Check the README syntax

GitHub is a bit forgiving when it comes to the RST syntax in the README but PyPI is not. So slightly broken RST can cause the PyPI page to not render the correct content. Check using the rst2html.py script that comes with docutils:

rst2html.py --no-raw README.rst > index.html

Open index.html and check for any flaws or error messages.

Pushing to PyPI and updating the documentation

After the changelog is updated, making a release can be done by going to https://github.com/GenericMappingTools/pygmt/releases, editing the draft release, and clicking on publish. A git tag will also be created, make sure that this tag is a proper version number (following Semantic Versioning) with a leading v. E.g. v0.2.1.

Once the release/tag is created, this should trigger GitHub Actions to do all the work for us. A new source distribution will be uploaded to PyPI, a new folder with the documentation HTML will be pushed to gh-pages, and the latest link will be updated to point to this new folder.

Archiving on Zenodo

Grab both the source code and baseline images zip files from the GitHub release page and upload them to Zenodo using the previously reserved DOI.

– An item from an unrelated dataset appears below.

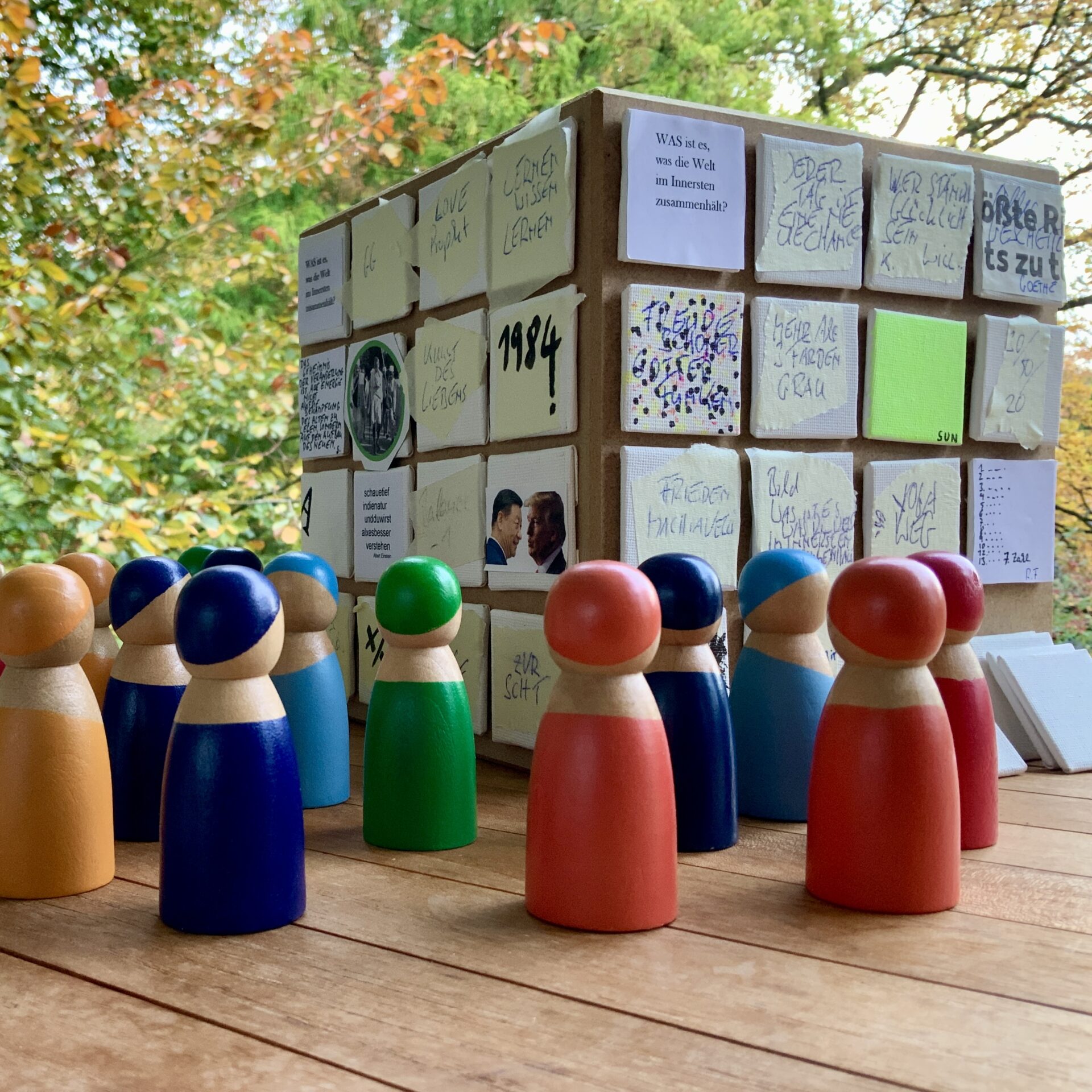 Das obige Foto zeigt einen Holzwürfel als Demostrationsobjekt in den Maßen 20x20x20 cm mit einigen ersten Entwürfen der beteiligten Kunstschaffenden.

Updating the conda package

When a new version is released on PyPI, conda-forge’s bot automatically creates version updates for the feedstock. In most cases, the maintainers can simply merge that PR.

If changes need to be done manually, you can:

  1. Fork the pygmt feedstock repository if you haven’t already. If you have a fork, update it.

  2. Update the version number and sha256 hash on recipe/meta.yaml. You can get the hash from the PyPI “Download files” section.

  3. Add or remove any new dependencies (most are probably only run dependencies).

  4. Make a new branch, commit, and push the changes to your personal fork.

  5. Create a PR against the original feedstock main.

  6. Once the CI tests pass, merge the PR or ask a maintainer to do so.